A novel mouse model of OEMs was surgically induced. Model mice were randomized to receive either PFD (200 mg/kg every 2 days, n = 20) or vehicle (n = 20) for 24 days. We assessed lesion size and weight, fibrosis via Masson’s trichrome staining and α-SMA immunohistochemistry (IHC), ovarian function through follicle-stimulating hormone receptor (Fshr) IHC and quantitative PCR, and granulosa cell status via Ki67 IHC and TUNEL assays. An unbiased label-free quantitative proteomic analysis was performed to elucidate the mechanism, with key pathways validated by Prussian blue staining and Western blotting. Statistical significance was determined via Student’s t test.

Results

The OEMs exhibited characteristic cysts, extensive fibrosis (increased α-SMA and collagen deposition, p < 0.05), impaired fertility, and disrupted ovarian function (downregulated Fshr, reduced granulosa cell proliferation, and increased apoptosis, p < 0.05). PFD treatment significantly reduced lesion size, weight, and fibrosis (p < 0.05) and restored the expression of markers of ovarian reserve and folliculogenesis (p < 0.05). Proteomics revealed 554 differentially expressed proteins.
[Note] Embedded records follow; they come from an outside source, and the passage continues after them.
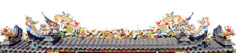 “嵌瓷内容丰富多样,与潮汕地区的文化、历史、民俗等紧密相关,彰显出鲜明的地域特色,承载着深厚的人文内涵。”陈伟钦告诉记者,嵌瓷在不同的应用场景中有不同的内容和造型讲究。比如,寺庙多以龙凤等瑞兽及花鸟为主,神话传说、英雄人物多呈现于祠堂,潮剧戏出多装饰于民居。庙宇屋脊常见龙凤呈祥、麒麟献瑞,线条粗犷有力,构图气势雄伟,色彩晶莹绚丽,寄托国泰民安、风调雨顺的祈愿;脊头和屋角头的嵌瓷,主要是文武加冠立体人物,原型多来自于《三国演义》《封神榜》中的角色,寓意扬正压邪、忠君爱国、功成名就;檐下墙壁多以花卉、鸟兽、鱼虾、昆虫为主,营造了自然生动的生活气息;照壁上的嵌瓷,常见的是麒麟、狮、象、仙鹤、梅鹿等,象征吉祥、长寿、平安等;室内大厅后彩眉的嵌瓷,则常见郭子仪拜寿、太公遇文王等历史典故,寓意家族的繁荣与昌盛……那些看似繁复绚丽的组合,实则深植着中华民族仁义礼智信的核心价值,将潮汕人的家国情怀和美好愿望凝结于片瓷方寸之间,形成一道璀璨夺目的文化景致。
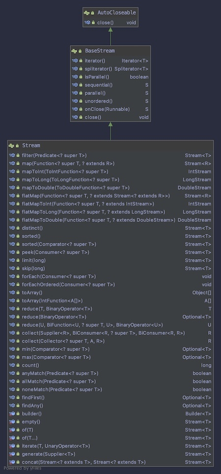 从上面的图中我们可以看到Stream继承自BaseStream。Stream中定义了很多非常实用的方法,比如filter,map,flatmap,forEach,reduce,collect等等。接下来我们将会逐一讲解。
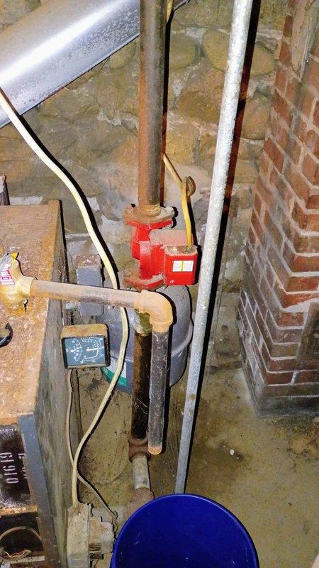 Responded to no heat call for 40-year-old boiler system with zero PSI. Diagnosed failed circulator pump preventing water circulation through the heating system. Replaced red circulator pump on copper pipe network and restored proper pressure to the system. System now functioning normally with appropriate water flow.
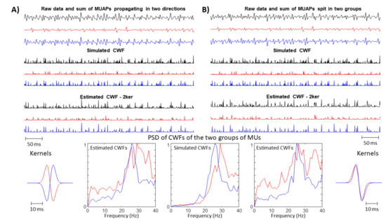 The proposed method estimates the kernels on the basis of the signal. In the case of different directions of MUAP propagation (i.e., more IZs or pinnate muscle), a single kernel was chosen to fit the PSD of the data and it was selected together with a second one with opposite phase. On the other hand, when a muscle with parallel fibres and a single IZ was considered (so that small differences in MUAP shapes were determined only by different CVs and positions of the MUs), kernels with different time scales were selected, again based on the PSD of the signal (as shown in Figure 2).
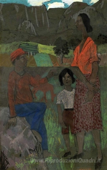 Ti offriamo una riproduzione artigianale su tela dell'opera famosa 'Famiglia' di Grégoire Michonze, dal Museo delle Riproduzioni.
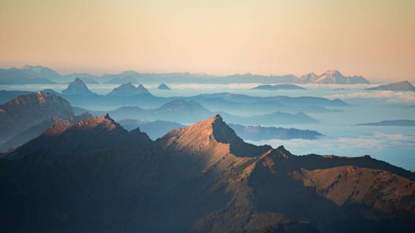 Una cresta montuosa illuminata chiaramente si staglia contro un paesaggio ondulato di nebbia e ombra. Le tonalità pastello delicate del cielo mattutino e le linee montane stratificate creano un panorama tranquillo e sognante ricco di profondità e atmosfera.
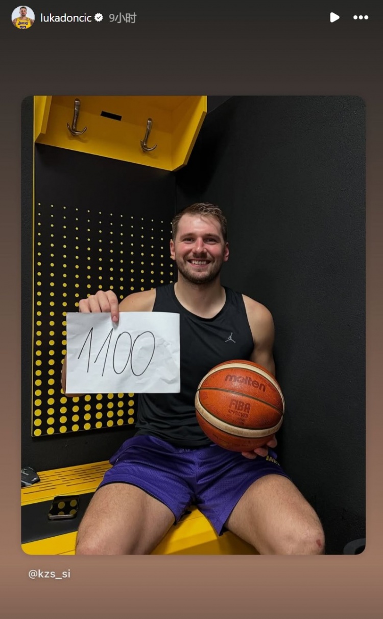 东契奇赛后在更衣室手拿写着1100分的照片,他本人也进行了转发。

PFD downregulated pathways involved in extracellular matrix (ECM) organization and inflammation and upregulated proteins related to iron ion transport and ferroptosis. These findings were confirmed by a significant reduction in ferric iron deposition (p < 0.05) and collagen I protein expression (p < 0.05) in the PFD group.

Conclusions

Pirfenidone has strong therapeutic potential for treating ovarian endometriosis by simultaneously alleviating fibrosis and restoring ovarian function. Its efficacy is mediated through a novel mechanism of modulating iron homeostasis and the ferroptosis pathway, alongside its known antifibrotic actions. Our findings provide a compelling rationale for repurposing pirfenidone as a disease-modifying treatment for OEMs.